How is land artificially scarce? If anything, it is naturally scarce and landlords make it less scarce through vertical scaling of the land. Given enough landlords there will be more housing than people and tenants will have an upper hand during negotiations. How is that not to their benefit? Take any existing housing market and eliminate 50% of landlords. Will this benefit tenants? No, in fact you want more landlords so that they end up competing against each other.

>The important factor here is that each instance of artificially induced scarcity sets up a scenario where the person who owns capital does not have to contribute to the GDP in order to benefit from the profits coming out of the asset. I'm not going to be paying a dime for the house I currently will own or sell. I am simply using a complex financial tool, to redirect wealth towards me.

The fact that outsize returns exist is a price signal that not enough people are doing this. If the risk free return is really as great as you say then everyone should jump into this market and reduce the risk free return until it reaches 0.

>What do you think is going on when "one side" owns property that can house 400 people and just rents it all out? Also who do you think actually allows one person to own more property than they need or to even own air if such a concept existed? The Government.
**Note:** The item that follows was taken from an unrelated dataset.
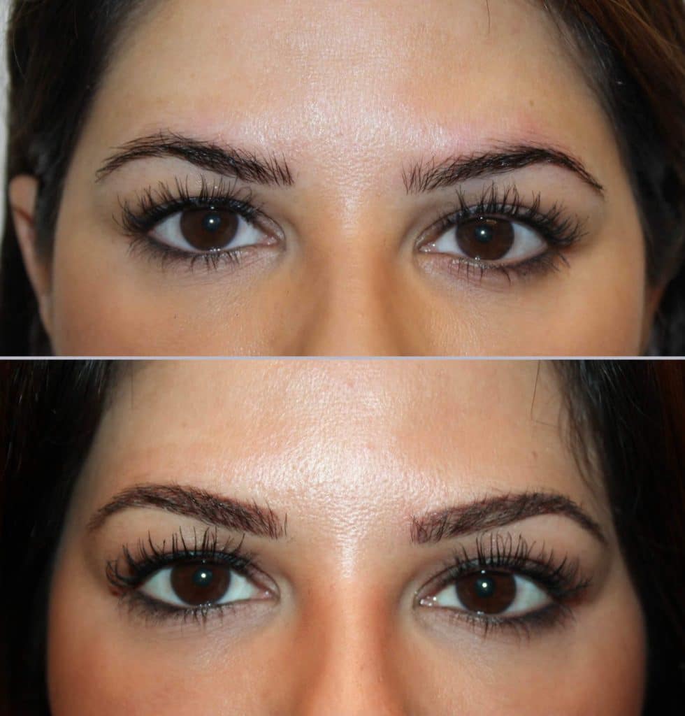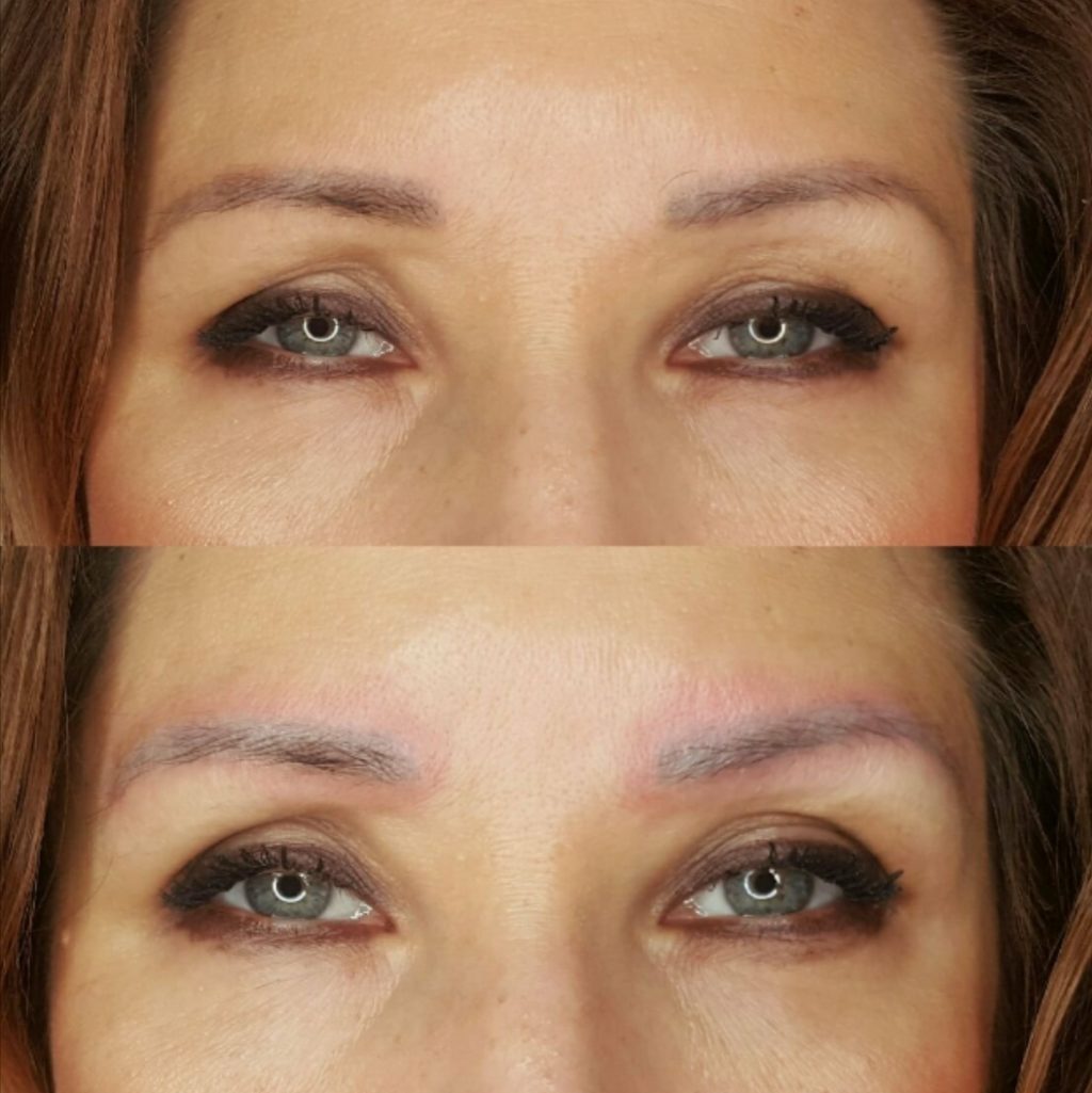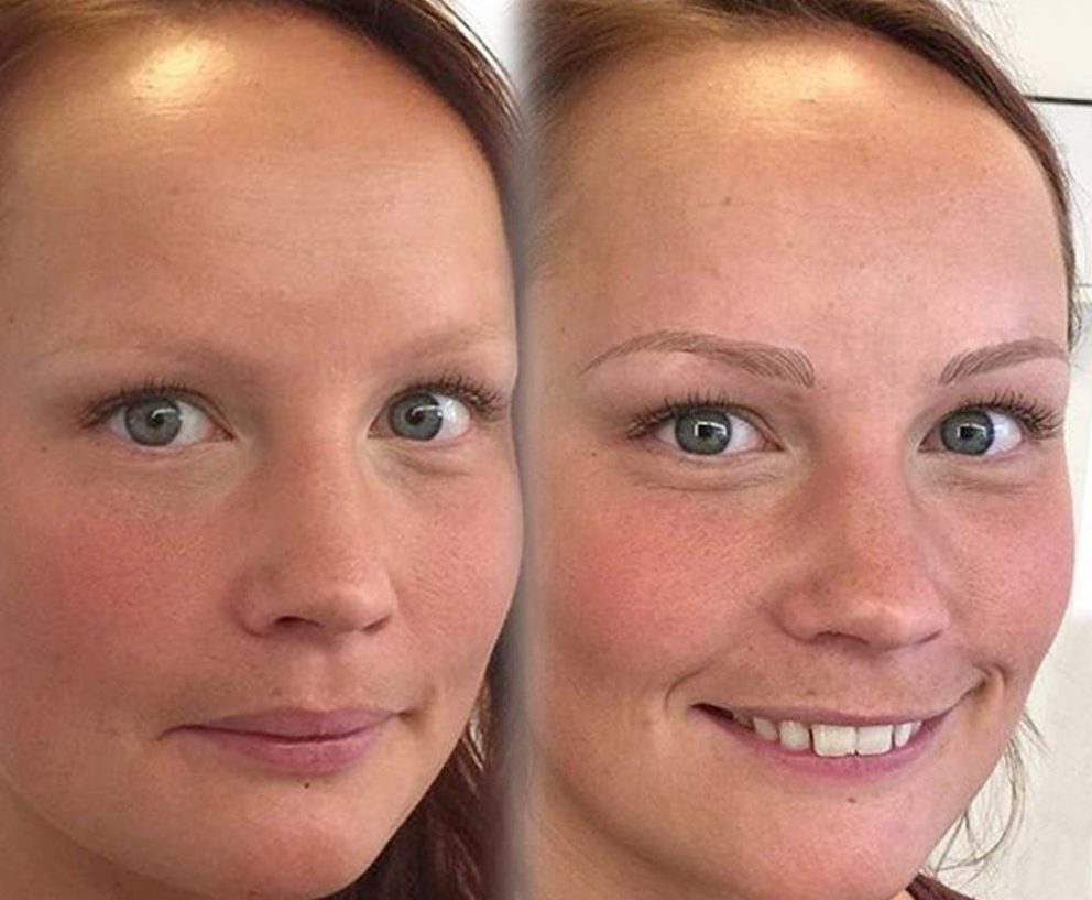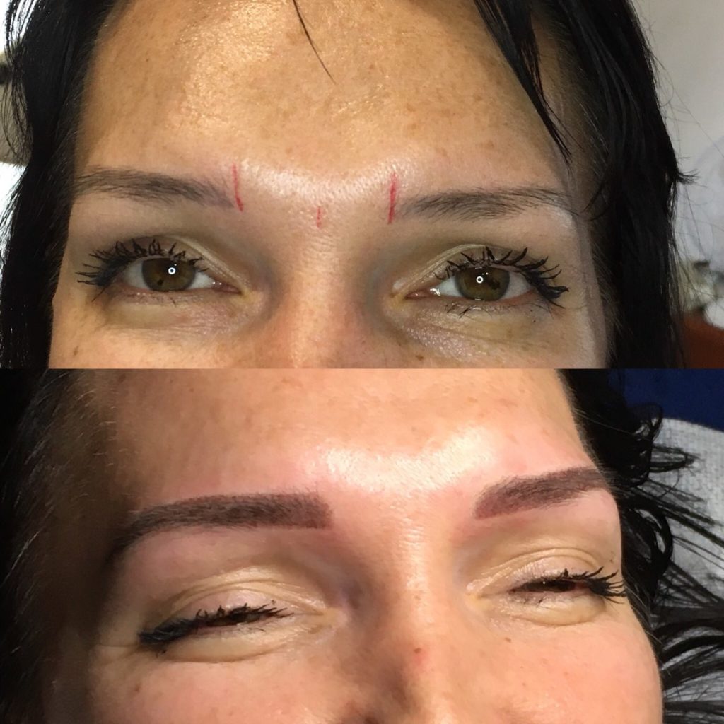 Using this technique, you can create beautiful and natural eyebrows, but this procedure has a rather painful application method. Some girls refuse anesthesia, but we do not recommend that you do this. The fact is that there are a lot of nerve endings in the skin of the eyebrows, which makes this area very sensitive. It is very rare that girls have a low pain threshold, so they do not use anesthesia.

That is just the consequence of having to build large scale 50 story properties. If such a massive building is needed then it's a necessary evil.

I honestly don't understand your point. Whether an economic system favors workers or capital owners is purely a function of unemployment. Once unemployment is low enough inflation will pick up and completely decimate the ability to have an easy return on capital through unproductive endeavors. You're confusing the current system being unfair with the system always being unfair which is absolutely untrue. There is absolutely no guarantee that it will stay like this forever, if there is enough will power.

EDIT: Bonus plot

Zimbabwe had a land reform around the 00s. Mugabe wanted to redistribute the land of current wealthy white land owners because they obtained this land through British colonialism and thus never paid anything to acquire it and black land owners only got the worst land available. At first the government simply purchased farm land and made an agreement with the UK that it should cover some of the costs. So far so good. 3 million hectares were handed over without any big problems. But for some reason this wasn't enough. The plan was to acquire 11 million hectares but it was impossible to finance so violent repossession started.

There are obvious problems with this. First of all, redistributing all land, all at once is a recipe for disaster. The new owners don't get enough time to learn the ropes of farming. Some of them just become absentee farmers and fail to produce any food whatsoever. Others didn't get loans/financing from banks to start their own farm. So they could never buy the necessary equipment to actually run a productive farm. Worst of all, some people merely joined the program for personal enrichment without caring at all about how their farms are doing.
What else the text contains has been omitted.